Take the records below and set down exactly the lines from the one with "When you introduce" to the one with "吴恩达也说过 Agent 和", ends included; do not copy the pictures.

(Entries taken from a collection)

::::::

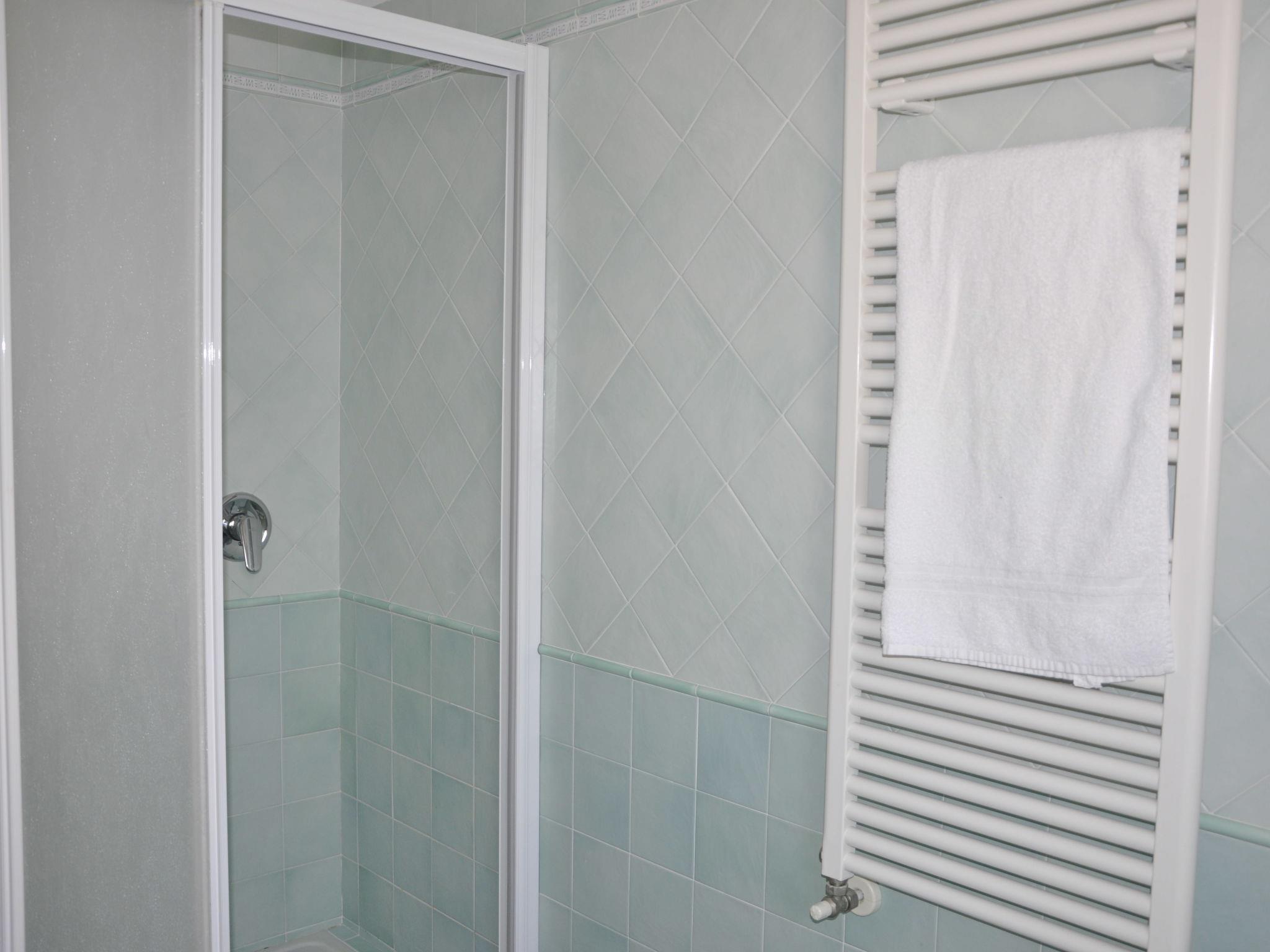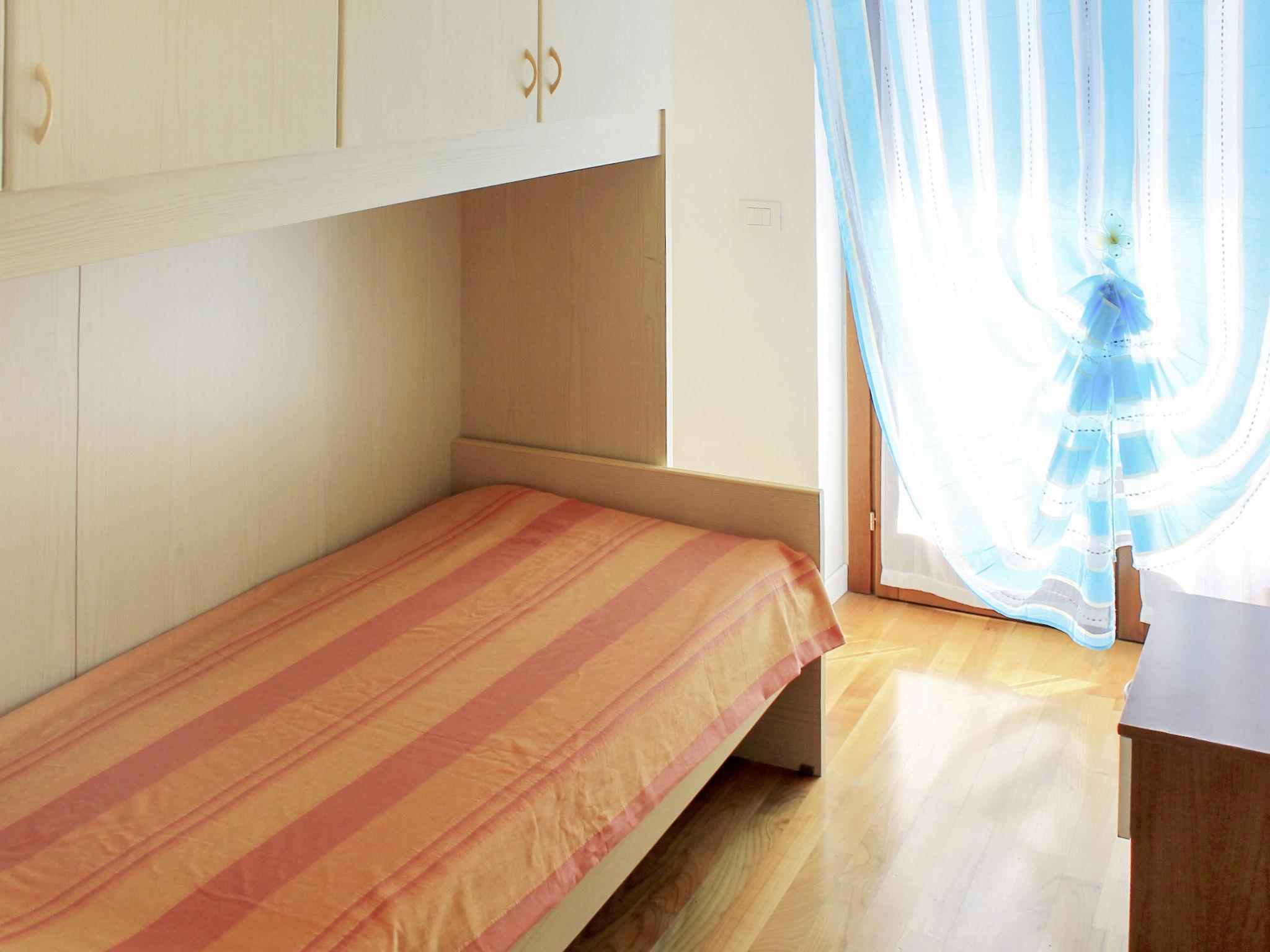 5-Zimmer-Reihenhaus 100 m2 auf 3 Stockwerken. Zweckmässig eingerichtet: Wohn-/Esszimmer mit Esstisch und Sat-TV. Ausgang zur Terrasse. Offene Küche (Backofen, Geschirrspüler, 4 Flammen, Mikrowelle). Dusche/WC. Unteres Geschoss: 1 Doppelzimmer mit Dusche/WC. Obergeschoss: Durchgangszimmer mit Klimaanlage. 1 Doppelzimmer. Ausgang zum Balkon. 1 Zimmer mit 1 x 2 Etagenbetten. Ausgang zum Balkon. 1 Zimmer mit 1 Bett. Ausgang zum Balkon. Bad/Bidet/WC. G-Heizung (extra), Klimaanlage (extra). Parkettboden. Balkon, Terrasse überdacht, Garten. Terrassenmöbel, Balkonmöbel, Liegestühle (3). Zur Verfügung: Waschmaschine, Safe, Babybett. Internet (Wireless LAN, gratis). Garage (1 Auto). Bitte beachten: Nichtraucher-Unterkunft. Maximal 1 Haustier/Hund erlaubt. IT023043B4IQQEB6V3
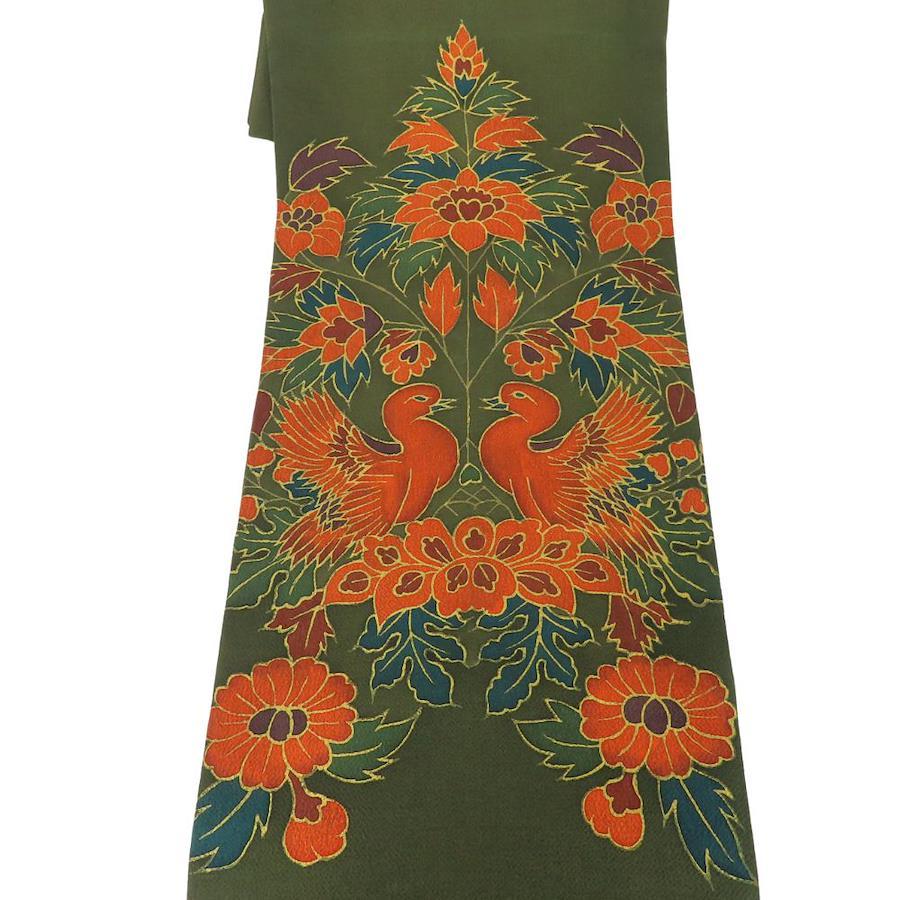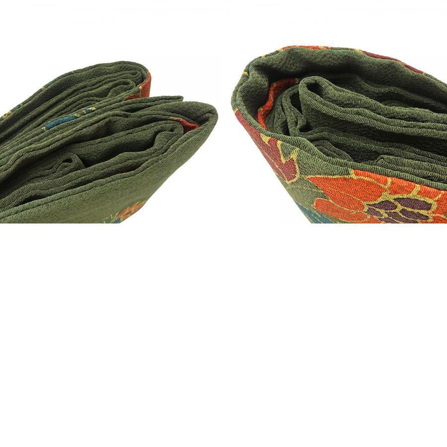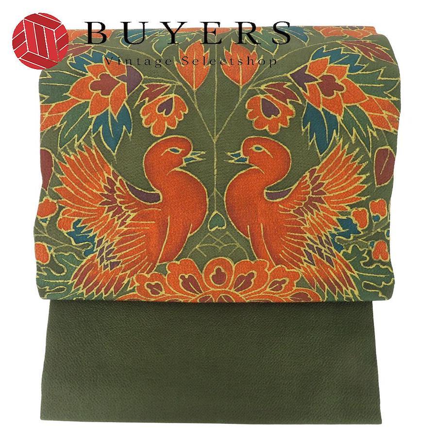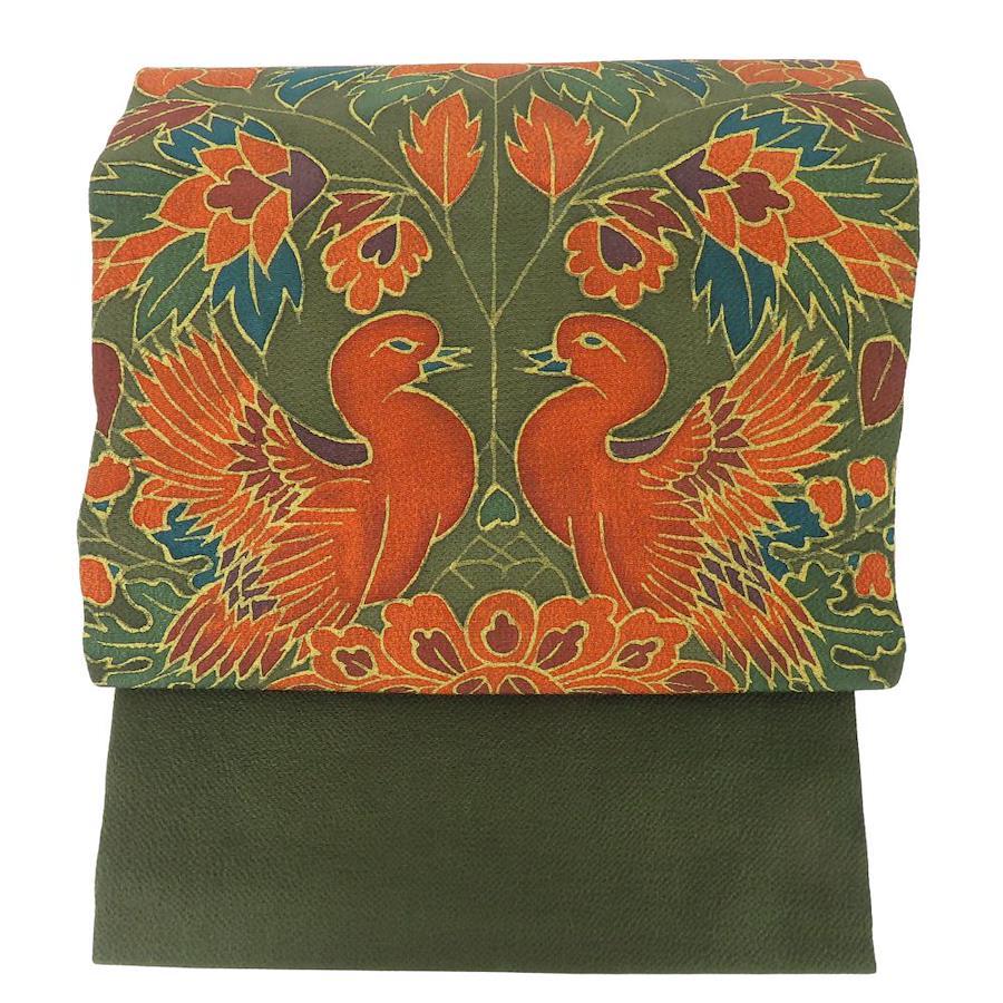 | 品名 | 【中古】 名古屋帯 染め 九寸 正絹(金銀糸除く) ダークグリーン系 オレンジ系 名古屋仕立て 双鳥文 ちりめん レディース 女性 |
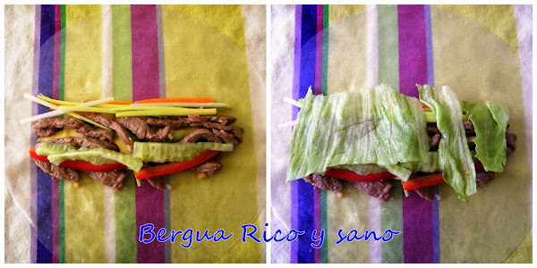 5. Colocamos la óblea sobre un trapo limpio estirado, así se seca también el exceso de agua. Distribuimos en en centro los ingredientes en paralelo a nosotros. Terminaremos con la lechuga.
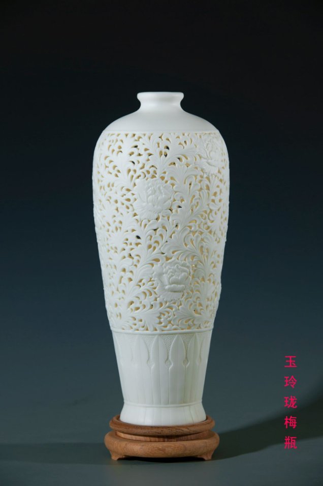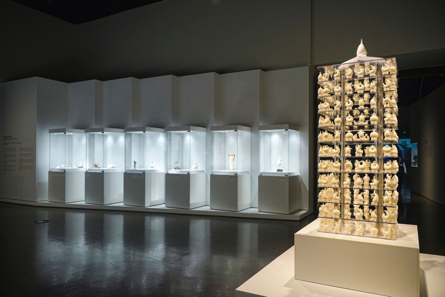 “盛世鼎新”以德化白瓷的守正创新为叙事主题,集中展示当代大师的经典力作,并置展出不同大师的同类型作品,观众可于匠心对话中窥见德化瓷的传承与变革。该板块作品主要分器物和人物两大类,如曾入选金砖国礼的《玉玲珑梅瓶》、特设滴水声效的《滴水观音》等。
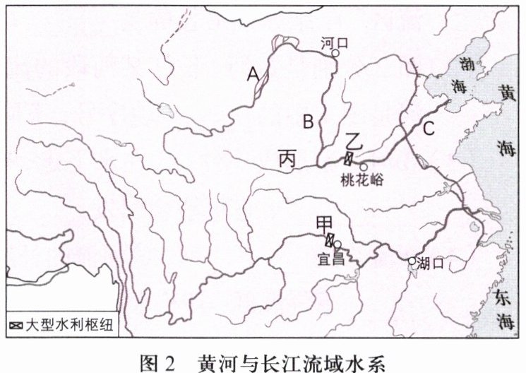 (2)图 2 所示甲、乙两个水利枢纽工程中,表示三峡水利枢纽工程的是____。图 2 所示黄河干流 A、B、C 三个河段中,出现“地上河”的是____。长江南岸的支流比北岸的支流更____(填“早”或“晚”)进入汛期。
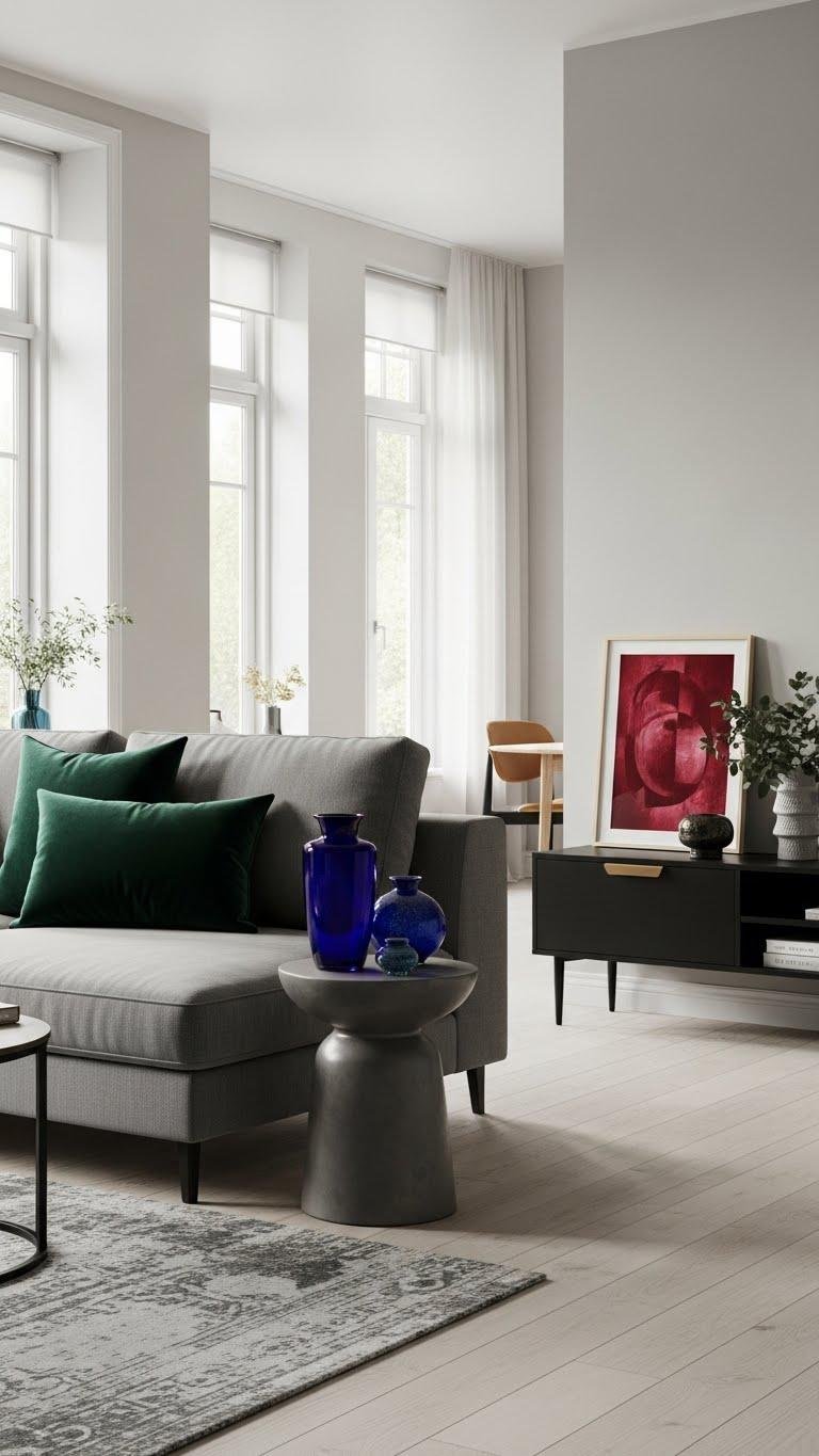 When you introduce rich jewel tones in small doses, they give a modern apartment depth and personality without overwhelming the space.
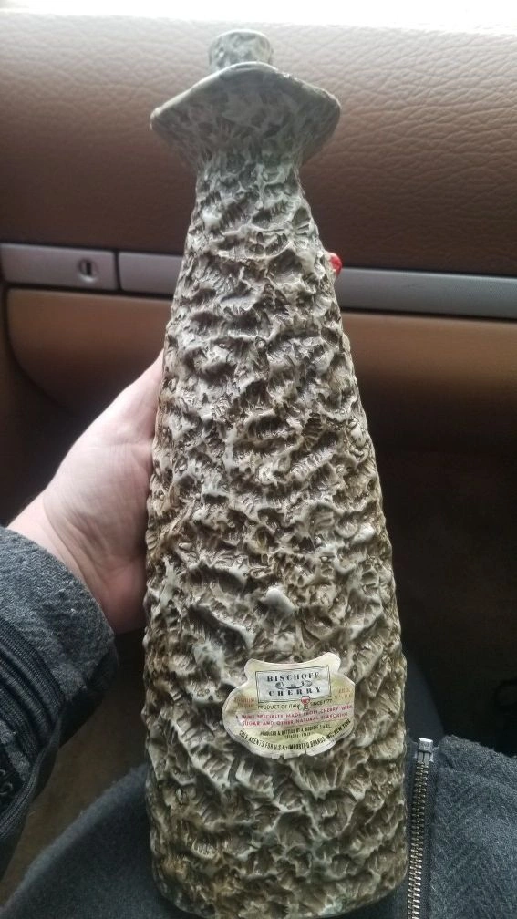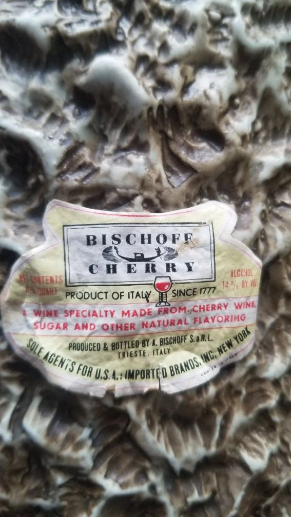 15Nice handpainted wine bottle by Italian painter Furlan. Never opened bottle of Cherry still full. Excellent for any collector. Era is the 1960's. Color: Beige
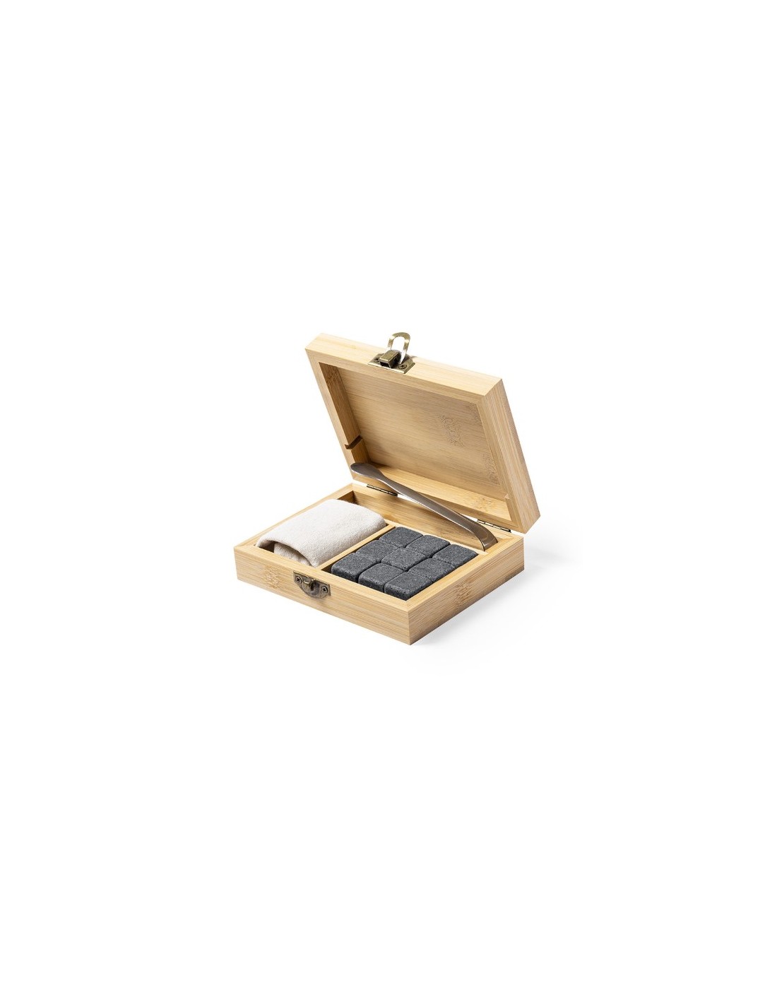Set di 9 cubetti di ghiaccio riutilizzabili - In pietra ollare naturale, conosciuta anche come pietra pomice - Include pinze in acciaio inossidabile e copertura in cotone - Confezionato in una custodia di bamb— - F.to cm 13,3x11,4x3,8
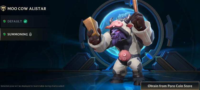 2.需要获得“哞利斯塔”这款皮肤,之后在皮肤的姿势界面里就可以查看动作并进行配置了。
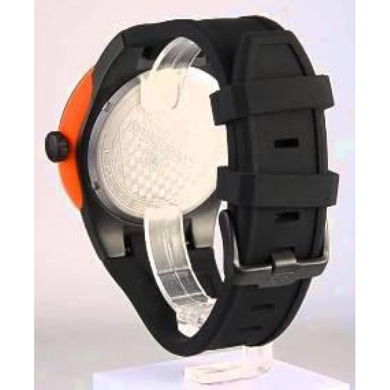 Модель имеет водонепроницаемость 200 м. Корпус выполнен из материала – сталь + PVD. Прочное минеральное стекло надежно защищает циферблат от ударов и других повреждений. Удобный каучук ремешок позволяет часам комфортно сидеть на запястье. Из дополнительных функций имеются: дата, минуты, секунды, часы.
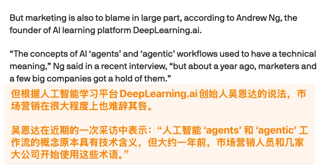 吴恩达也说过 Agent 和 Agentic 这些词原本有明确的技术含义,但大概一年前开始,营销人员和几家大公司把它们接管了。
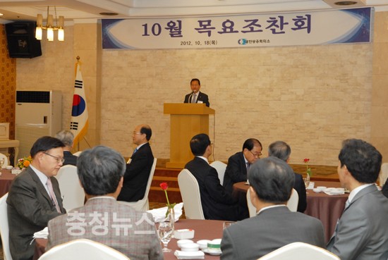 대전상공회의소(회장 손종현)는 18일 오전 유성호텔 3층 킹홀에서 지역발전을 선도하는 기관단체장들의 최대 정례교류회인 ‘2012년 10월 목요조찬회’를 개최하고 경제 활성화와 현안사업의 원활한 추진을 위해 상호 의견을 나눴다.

::::::

» Response to the exercise
 When you introduce rich jewel tones in small doses, they give a modern apartment depth and personality without overwhelming the space.
 15Nice handpainted wine bottle by Italian painter Furlan. Never opened bottle of Cherry still full. Excellent for any collector. Era is the 1960's. Color: Beige
Set di 9 cubetti di ghiaccio riutilizzabili - In pietra ollare naturale, conosciuta anche come pietra pomice - Include pinze in acciaio inossidabile e copertura in cotone - Confezionato in una custodia di bamb— - F.to cm 13,3x11,4x3,8
 2.需要获得“哞利斯塔”这款皮肤,之后在皮肤的姿势界面里就可以查看动作并进行配置了。
 Модель имеет водонепроницаемость 200 м. Корпус выполнен из материала – сталь + PVD. Прочное минеральное стекло надежно защищает циферблат от ударов и других повреждений. Удобный каучук ремешок позволяет часам комфортно сидеть на запястье. Из дополнительных функций имеются: дата, минуты, секунды, часы.
 吴恩达也说过 Agent 和 Agentic 这些词原本有明确的技术含义,但大概一年前开始,营销人员和几家大公司把它们接管了。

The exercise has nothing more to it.